JO: BenevolentAI is a leader in the field of AI-enabled drug discovery. Benevolent builds “tech in the service of science”, which means developing computational tools for scientists, with scientists. Benevolent integrates AI across the R&D cycle – from target identification to patient stratification and chemistry – to enable scientists to discover the best therapeutic intervention. Its approach allows scientists to make higher confidence decisions – a critical step in helping to eliminate the well-published and costly mistakes that have traditionally plagued pharma R&D downstream. The company has developed an impressive AI-derived in-house pipeline, and my role as Non-Executive Director will be to serve as a sounding board as Benevolent deepens its R&D capabilities and advances these programmes into the clinic. 

MT: BenevolentAI has demonstrated in silico, in vitro and clinical validation of its technology. How does this approach differ from the drug discovery and development industry as it currently functions?  

JO: Researchers have traditionally viewed data in silos, and even within AI-applied drug discovery efforts, companies are still focused on integrating disease-specific data sets, which is too simple to truly represent the complexity of disease biology. BenevolentAI is different – it integrates all available data from a range of modalities and therapeutic areas to give scientists a holistic view of all the information that’s available. With this data-engine in place, the Benevolent Platform starts with the most critical stage in the process: finding the right target. The Platform then enables scientists to refine hypotheses, validate targets and synthesize and test molecules. Ultimately, this approach enables high-confidence drug candidates – optimized by target, mechanisms of action, and patient subtypes – to progress through to the clinic. 

MT: What excites you most about what BenevolentAI is currently achieving, and where do you think it has room to grow? 

JO: What’s really interesting about BenevolentAI’s approach is the idea of being able to be ‘right more often’ and remove some of the empiricism that is intrinsic to traditional approaches to drug discovery. When you look at Benevolent’s approach to data, and combine that with its target-ID and precision medicine capabilities, you can see how scientists are really able to define and refine the right hypothesis from the outset. This hypothesis underpins the success of the entire drug discovery process, so it’s a radically stronger approach to traditional drug discovery. Benevolent has an advanced clinical pipeline, with candidates in pre-clinical and clinical development, and it also has a number of Early Discovery Programmes. It’s really exciting to think about how the increasing sophistication of Benevolent’s tech will impact the development and rapid progression of these 20+ early drug programmes.  And down the line, many of the targets already identified can be leveraged as platforms to branch out to new disease areas that can exponentially expand the impact of this technology. 

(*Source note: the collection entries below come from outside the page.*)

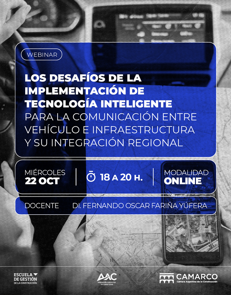 Los invitamos a este nuevo webinar organizado por nuestra Comisión de Movilidad, Transporte y Tecnología junto a la Escuela de Gestión de la Construcción de la CAMARCO donde se abordará la incorporación de tecnologías inteligentes de comunicación entre vehículo e infraestructura (V2I).
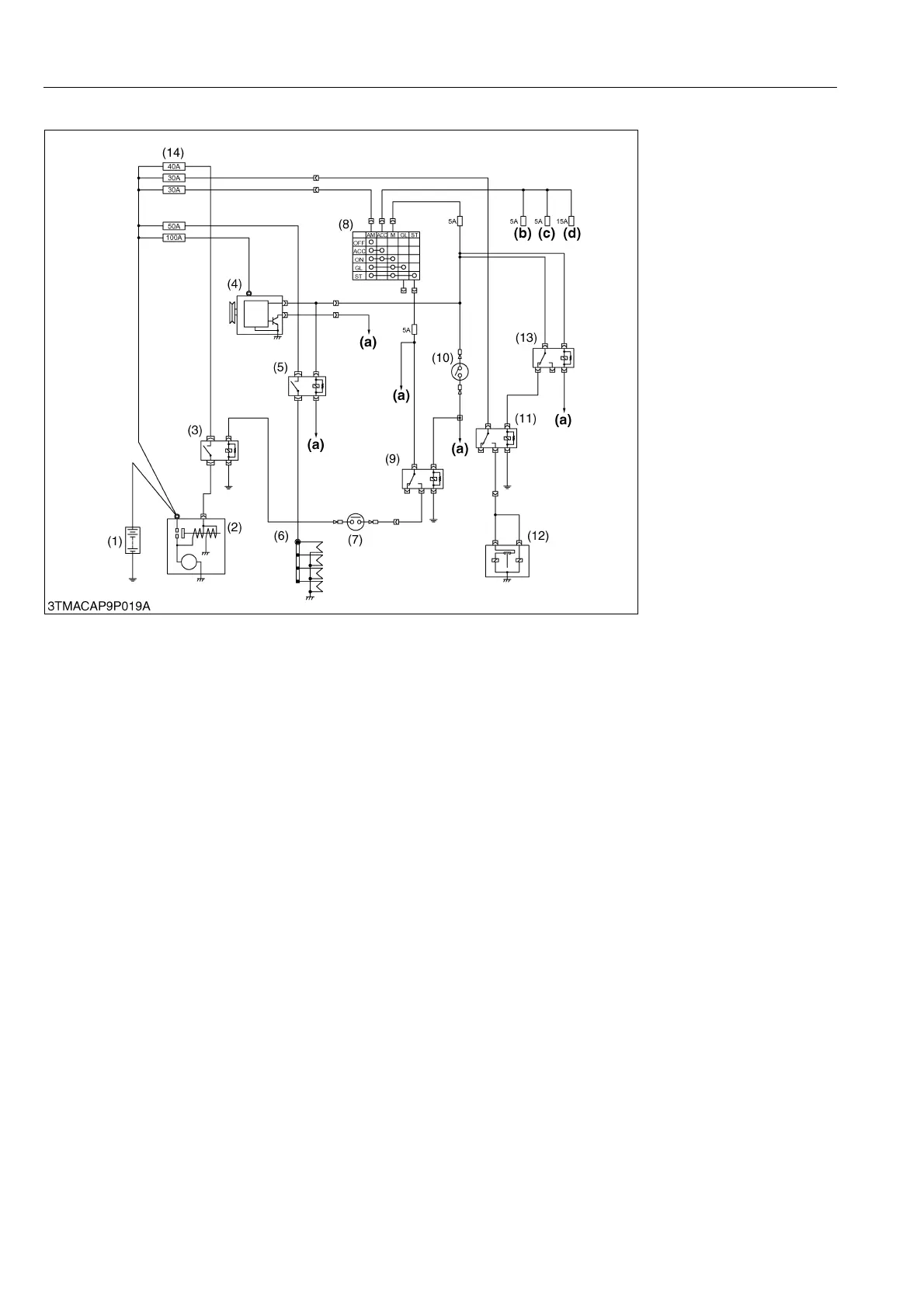 (7), (10), coil of starter relay (3), PTO safety relay (9). (When the PTO switches is set to "OFF", battery current flows
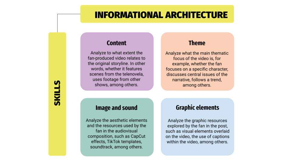 The Informational Architecture dimension is grounded in the affordances of TikTok, the chosen platform for this study. According to Abidin and Lee (2023), methodological approaches to the video social app must address not only its multimodal content but also the cultural and contextual settings of the videos. This dimension is therefore organized into four skills: (a) content, (b) theme, (c) image and sound, and (d) graphic elements.

MT: Has the pandemic changed the need for AI in drug discovery and development? To what extent did AI play a part in the development of vaccines and therapeutics for the virus?  

JO: The pandemic has certainly brought the challenges of developing effective therapeutics into sharp focus. Almost two years in, as vaccines are being rolled out across the world, the search for safe and effective treatments continues. Yet, physicians do have some effective candidates in their armamentarium. One such drug is baricitinib – first discovered as a treatment by BenevolentAI using its computational tools and AI-enhanced knowledge graph.  This technology identified baricitinib as having anti-cytokine and anti-viral properties. Baricitinib is now approved for emergency use in the US, Japan, and India after being validated in global clinical trials, where it was shown to reduce deaths by 38%. This discovery, which was conducted over a single weekend, demonstrates that AI will play a significant role in the pandemic response, be it in accelerating the search for new treatments, or in pinpointing, with greater accuracy, the treatments that could be most effective in preventing mortality.  More broadly, AI will help to accelerate, with greater accuracy, the discovery of new treatments for a wide range of devastating and life-threatening diseases, for which there remains significant unmet need.  

MT: What are the three main benefits of AI in drug discovery, what are the challenges to uptake and how do you feel they can be overcome? 

JO: AI can help to deliver medicines to patients faster, more accurately and at scale, but companies must be accountable for the way they communicate their advances. Large pharma companies recognise the benefits of AI, but over-hyped claims have undermined trust and slowed adoption. The key is to adopt a realistic, proof-point led approach to communicating progress. For example, a company like Benevolent is certainly not short of milestones, so it’s all about showing the world the tangible benefits of integrating AI and how these approaches can, ultimately, help improve patient outcomes.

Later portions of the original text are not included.